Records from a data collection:
- Opening Delimiter -

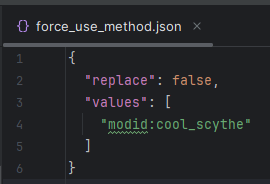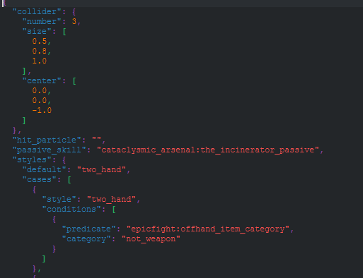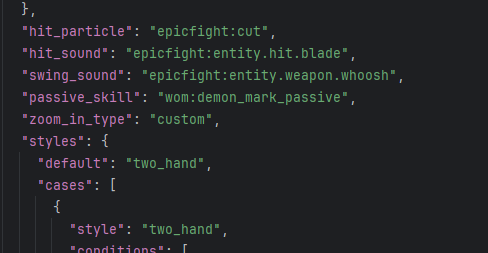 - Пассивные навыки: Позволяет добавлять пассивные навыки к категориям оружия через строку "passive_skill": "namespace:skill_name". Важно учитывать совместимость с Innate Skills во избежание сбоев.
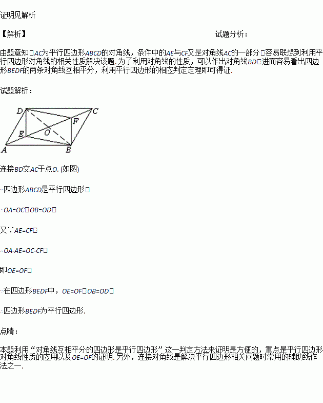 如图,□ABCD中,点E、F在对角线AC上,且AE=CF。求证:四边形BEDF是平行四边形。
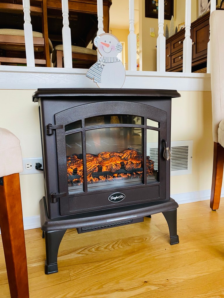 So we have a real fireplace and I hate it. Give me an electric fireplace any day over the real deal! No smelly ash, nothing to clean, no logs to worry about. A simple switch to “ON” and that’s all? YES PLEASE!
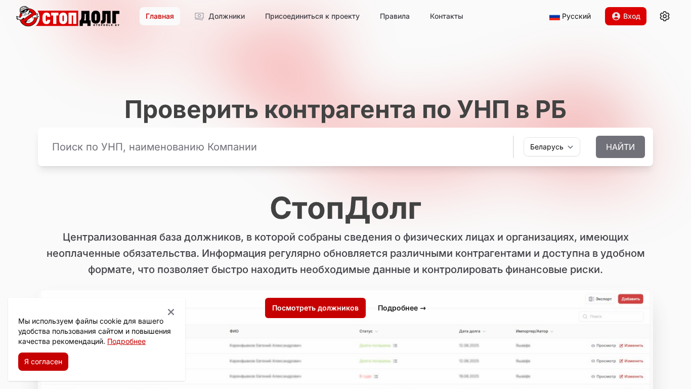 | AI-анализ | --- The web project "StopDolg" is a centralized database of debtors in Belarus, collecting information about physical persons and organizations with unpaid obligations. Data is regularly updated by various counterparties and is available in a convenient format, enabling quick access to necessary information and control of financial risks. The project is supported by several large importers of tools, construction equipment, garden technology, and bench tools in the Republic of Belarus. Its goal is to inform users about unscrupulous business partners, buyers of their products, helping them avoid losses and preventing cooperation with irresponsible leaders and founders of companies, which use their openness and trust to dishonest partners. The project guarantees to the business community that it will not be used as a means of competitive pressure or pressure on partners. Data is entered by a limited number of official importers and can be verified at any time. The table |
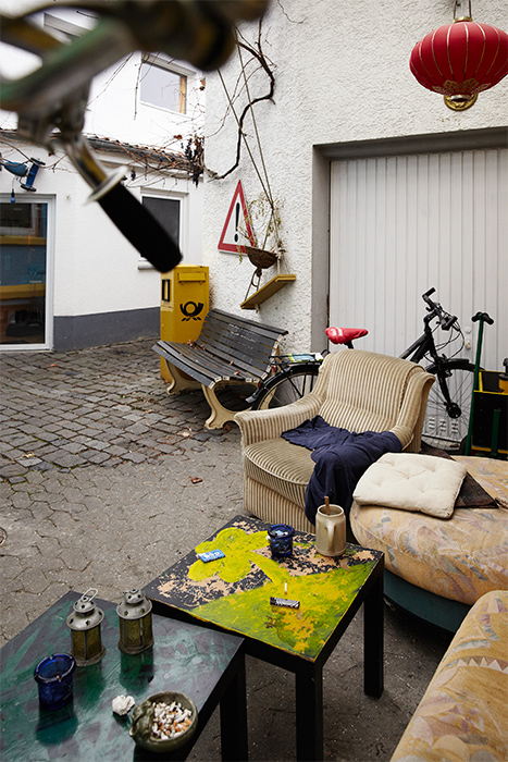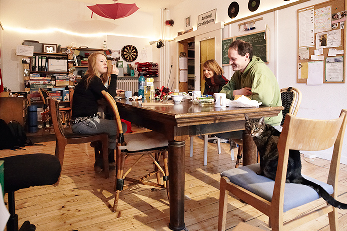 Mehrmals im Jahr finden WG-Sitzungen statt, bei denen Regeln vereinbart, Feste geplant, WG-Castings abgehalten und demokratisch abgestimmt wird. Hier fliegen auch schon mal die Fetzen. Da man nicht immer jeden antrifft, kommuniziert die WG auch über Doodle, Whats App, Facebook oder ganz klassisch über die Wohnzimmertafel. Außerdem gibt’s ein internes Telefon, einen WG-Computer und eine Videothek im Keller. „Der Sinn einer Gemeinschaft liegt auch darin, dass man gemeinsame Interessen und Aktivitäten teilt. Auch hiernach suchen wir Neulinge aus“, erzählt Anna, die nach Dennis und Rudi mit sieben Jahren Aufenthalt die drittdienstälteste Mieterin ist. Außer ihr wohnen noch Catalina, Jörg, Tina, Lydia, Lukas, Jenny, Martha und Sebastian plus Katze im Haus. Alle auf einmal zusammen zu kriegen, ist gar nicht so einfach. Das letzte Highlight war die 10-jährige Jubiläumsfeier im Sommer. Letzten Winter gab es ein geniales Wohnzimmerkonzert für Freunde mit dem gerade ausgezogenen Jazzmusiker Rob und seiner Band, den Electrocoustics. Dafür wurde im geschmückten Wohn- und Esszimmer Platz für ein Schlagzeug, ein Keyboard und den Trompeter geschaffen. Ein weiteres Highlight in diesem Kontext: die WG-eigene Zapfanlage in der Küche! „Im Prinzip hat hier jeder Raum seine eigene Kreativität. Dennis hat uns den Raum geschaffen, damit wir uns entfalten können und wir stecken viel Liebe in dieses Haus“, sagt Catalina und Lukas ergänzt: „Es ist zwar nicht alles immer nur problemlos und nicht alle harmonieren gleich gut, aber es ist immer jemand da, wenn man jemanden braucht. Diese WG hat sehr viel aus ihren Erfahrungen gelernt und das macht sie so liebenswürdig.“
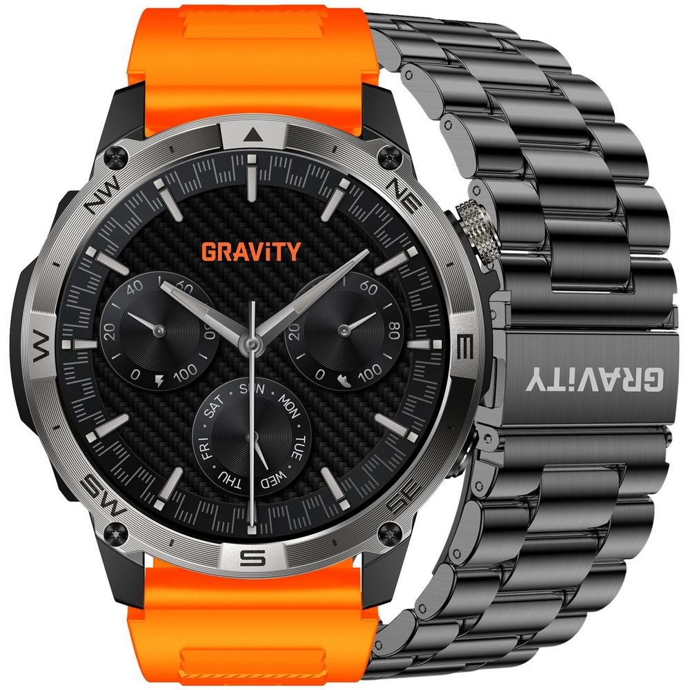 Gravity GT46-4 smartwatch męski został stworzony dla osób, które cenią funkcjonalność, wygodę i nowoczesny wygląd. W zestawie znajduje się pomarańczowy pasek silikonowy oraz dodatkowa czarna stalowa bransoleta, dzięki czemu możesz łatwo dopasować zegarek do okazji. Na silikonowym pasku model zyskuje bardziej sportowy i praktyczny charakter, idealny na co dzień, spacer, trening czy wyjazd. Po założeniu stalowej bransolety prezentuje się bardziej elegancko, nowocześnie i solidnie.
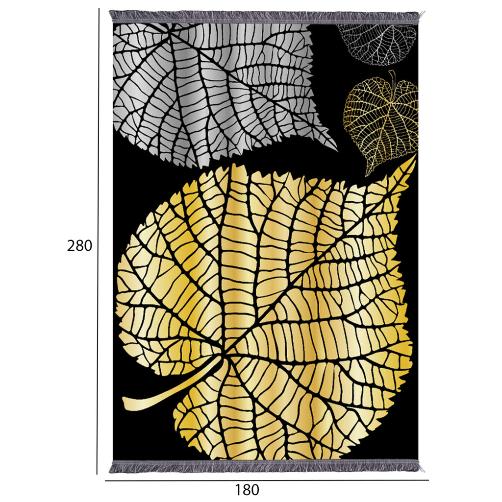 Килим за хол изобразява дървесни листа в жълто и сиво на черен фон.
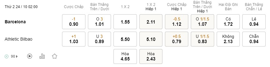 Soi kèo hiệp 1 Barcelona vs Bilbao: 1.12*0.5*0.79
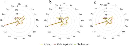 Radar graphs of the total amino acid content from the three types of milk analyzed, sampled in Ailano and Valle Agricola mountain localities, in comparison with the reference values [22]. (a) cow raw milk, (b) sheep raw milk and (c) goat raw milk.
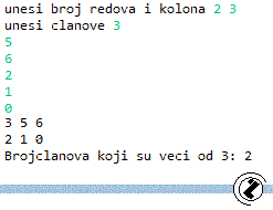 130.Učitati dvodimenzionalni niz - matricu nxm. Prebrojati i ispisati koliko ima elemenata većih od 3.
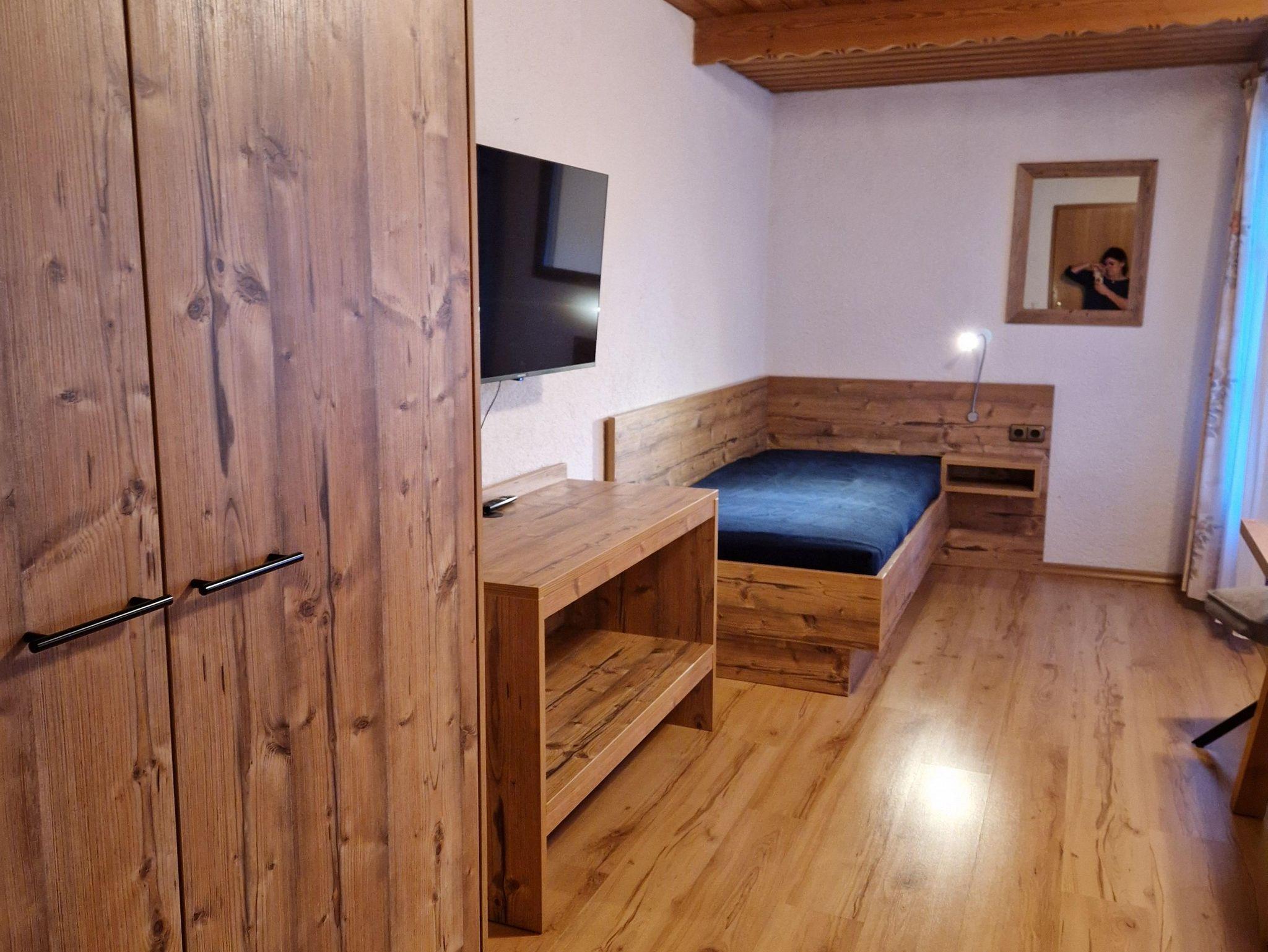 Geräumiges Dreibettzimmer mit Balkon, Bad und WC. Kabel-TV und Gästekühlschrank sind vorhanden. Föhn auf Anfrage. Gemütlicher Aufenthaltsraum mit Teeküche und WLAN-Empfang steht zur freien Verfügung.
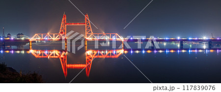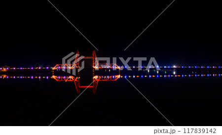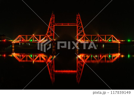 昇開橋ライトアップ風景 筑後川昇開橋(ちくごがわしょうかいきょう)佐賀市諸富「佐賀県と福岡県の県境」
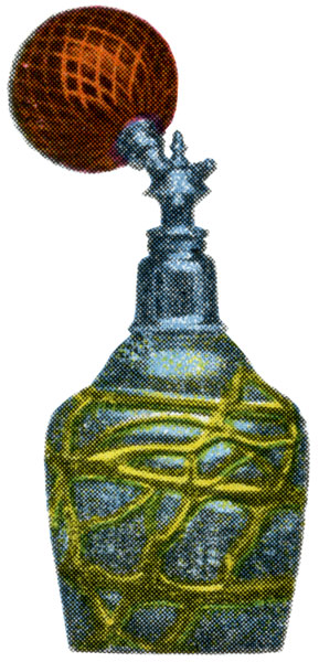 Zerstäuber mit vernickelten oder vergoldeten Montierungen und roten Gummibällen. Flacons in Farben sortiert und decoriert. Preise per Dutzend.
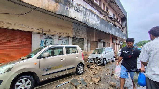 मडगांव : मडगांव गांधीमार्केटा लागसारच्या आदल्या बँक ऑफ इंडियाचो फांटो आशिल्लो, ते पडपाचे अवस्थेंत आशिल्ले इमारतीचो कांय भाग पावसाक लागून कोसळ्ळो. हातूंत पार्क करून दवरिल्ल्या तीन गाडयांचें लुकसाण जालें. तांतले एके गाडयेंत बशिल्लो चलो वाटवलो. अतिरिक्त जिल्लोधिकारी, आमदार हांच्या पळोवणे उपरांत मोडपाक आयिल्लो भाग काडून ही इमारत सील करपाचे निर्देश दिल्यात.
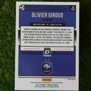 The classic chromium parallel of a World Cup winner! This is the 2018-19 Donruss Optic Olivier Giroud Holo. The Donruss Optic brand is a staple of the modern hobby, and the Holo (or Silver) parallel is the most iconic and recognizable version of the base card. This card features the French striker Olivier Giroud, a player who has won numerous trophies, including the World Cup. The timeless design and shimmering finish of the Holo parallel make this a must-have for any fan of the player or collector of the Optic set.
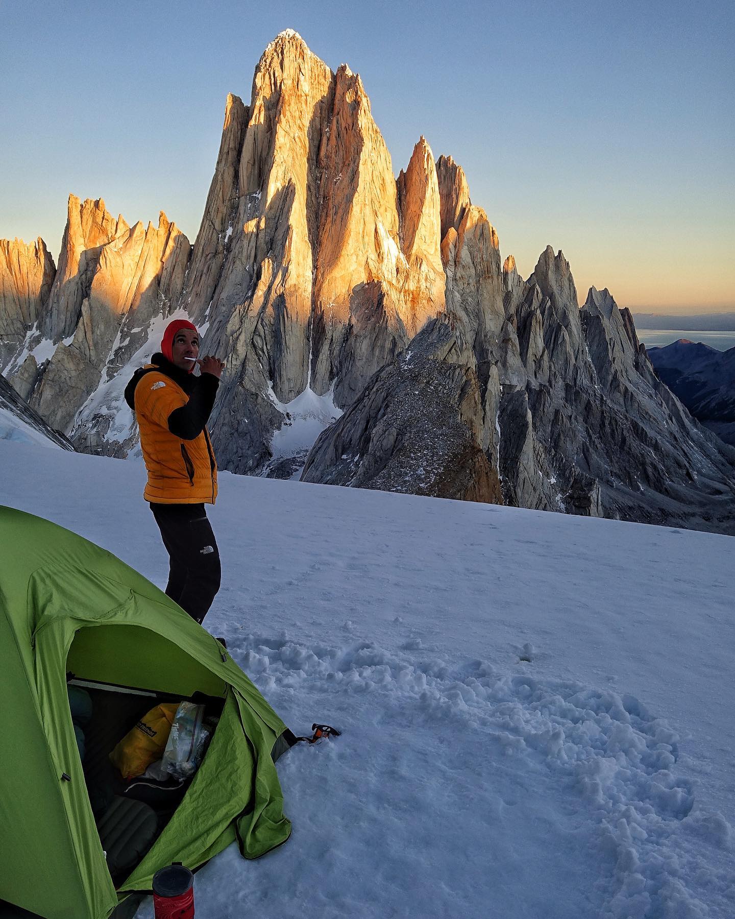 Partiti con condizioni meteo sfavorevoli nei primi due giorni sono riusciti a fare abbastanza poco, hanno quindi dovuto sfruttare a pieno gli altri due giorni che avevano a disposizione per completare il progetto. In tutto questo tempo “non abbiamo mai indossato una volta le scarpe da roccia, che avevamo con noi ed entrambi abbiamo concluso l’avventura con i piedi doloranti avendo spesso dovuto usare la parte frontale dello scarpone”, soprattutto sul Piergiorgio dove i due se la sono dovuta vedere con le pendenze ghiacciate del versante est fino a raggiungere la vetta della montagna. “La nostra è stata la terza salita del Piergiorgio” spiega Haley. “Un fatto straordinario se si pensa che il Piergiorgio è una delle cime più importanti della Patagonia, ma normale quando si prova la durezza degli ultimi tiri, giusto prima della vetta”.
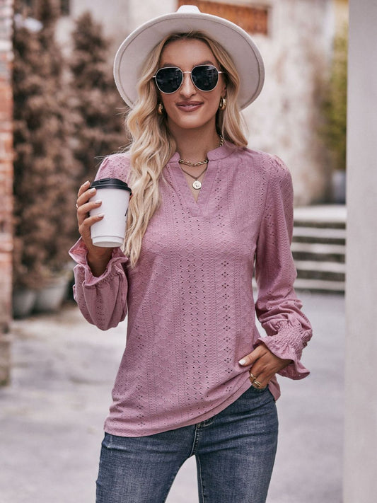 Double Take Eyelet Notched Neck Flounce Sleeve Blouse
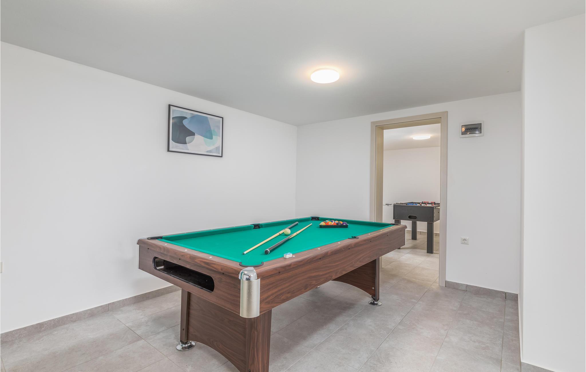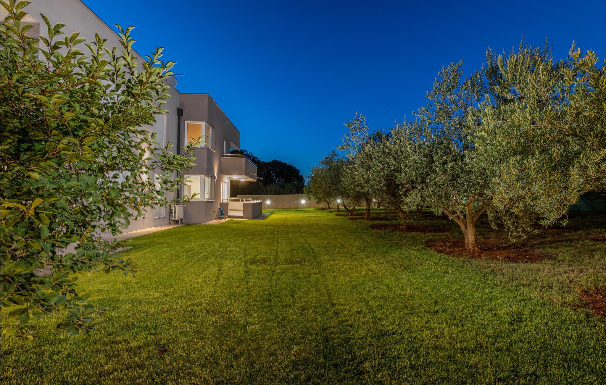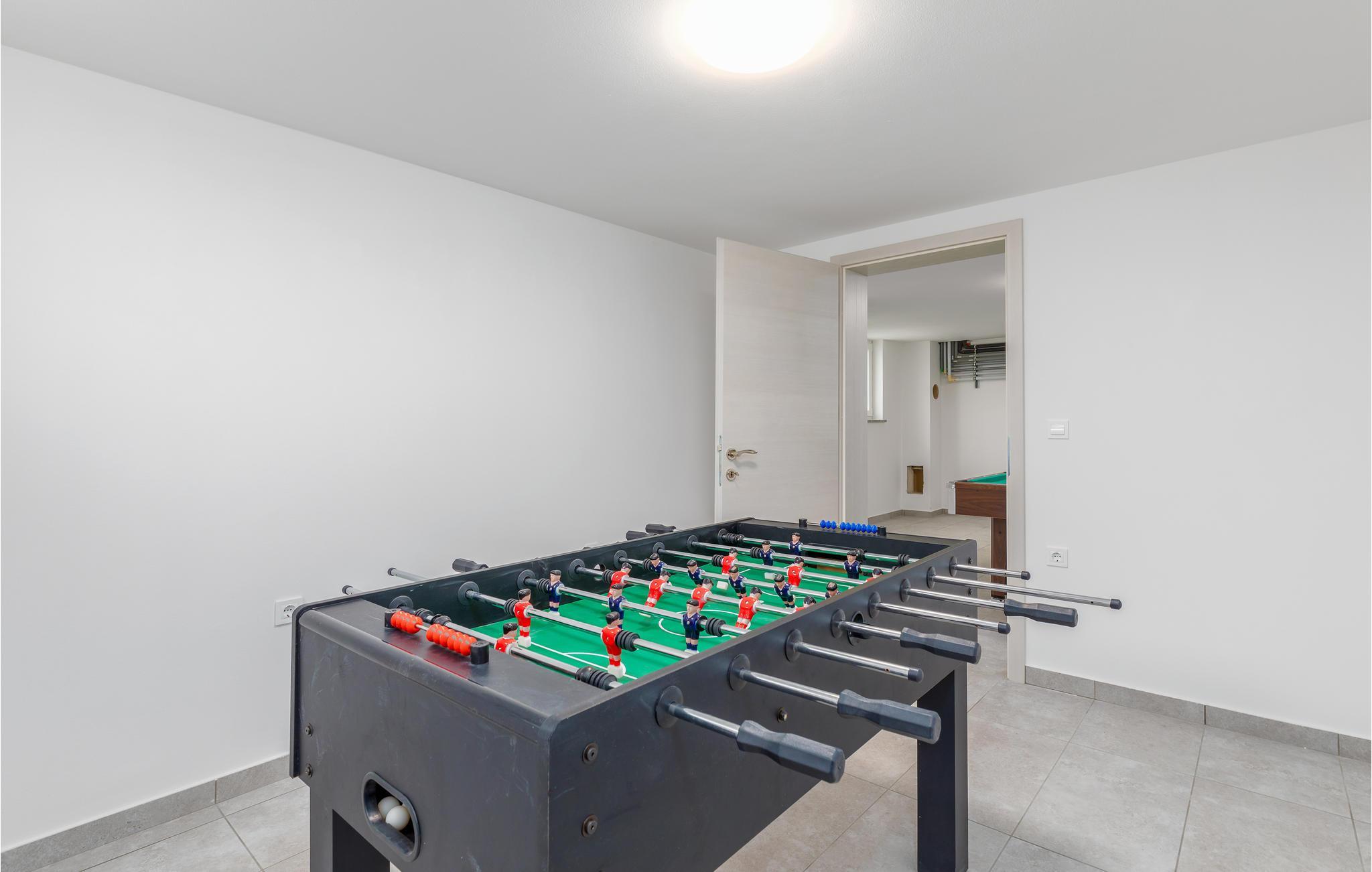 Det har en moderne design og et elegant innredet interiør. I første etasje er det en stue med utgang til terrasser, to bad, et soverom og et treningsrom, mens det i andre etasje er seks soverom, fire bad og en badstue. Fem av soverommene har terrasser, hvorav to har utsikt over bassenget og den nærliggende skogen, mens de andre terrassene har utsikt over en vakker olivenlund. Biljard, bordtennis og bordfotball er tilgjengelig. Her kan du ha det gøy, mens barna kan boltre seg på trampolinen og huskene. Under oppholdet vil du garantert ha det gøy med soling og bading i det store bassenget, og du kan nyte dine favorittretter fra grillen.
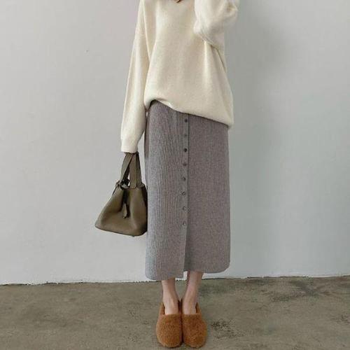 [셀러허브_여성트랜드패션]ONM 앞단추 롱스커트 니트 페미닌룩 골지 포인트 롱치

- Closing Delimiter -

# WHAT IS NEEDED
Repeat, without pictures, exactly the lines of the data above from the one containing "昇開橋ライトアップ風景 筑後" through the one containing "मडगांव : मडगांव", including both and adding nothing.

# REPLY
 昇開橋ライトアップ風景 筑後川昇開橋(ちくごがわしょうかいきょう)佐賀市諸富「佐賀県と福岡県の県境」
 Zerstäuber mit vernickelten oder vergoldeten Montierungen und roten Gummibällen. Flacons in Farben sortiert und decoriert. Preise per Dutzend.
 मडगांव : मडगांव गांधीमार्केटा लागसारच्या आदल्या बँक ऑफ इंडियाचो फांटो आशिल्लो, ते पडपाचे अवस्थेंत आशिल्ले इमारतीचो कांय भाग पावसाक लागून कोसळ्ळो. हातूंत पार्क करून दवरिल्ल्या तीन गाडयांचें लुकसाण जालें. तांतले एके गाडयेंत बशिल्लो चलो वाटवलो. अतिरिक्त जिल्लोधिकारी, आमदार हांच्या पळोवणे उपरांत मोडपाक आयिल्लो भाग काडून ही इमारत सील करपाचे निर्देश दिल्यात.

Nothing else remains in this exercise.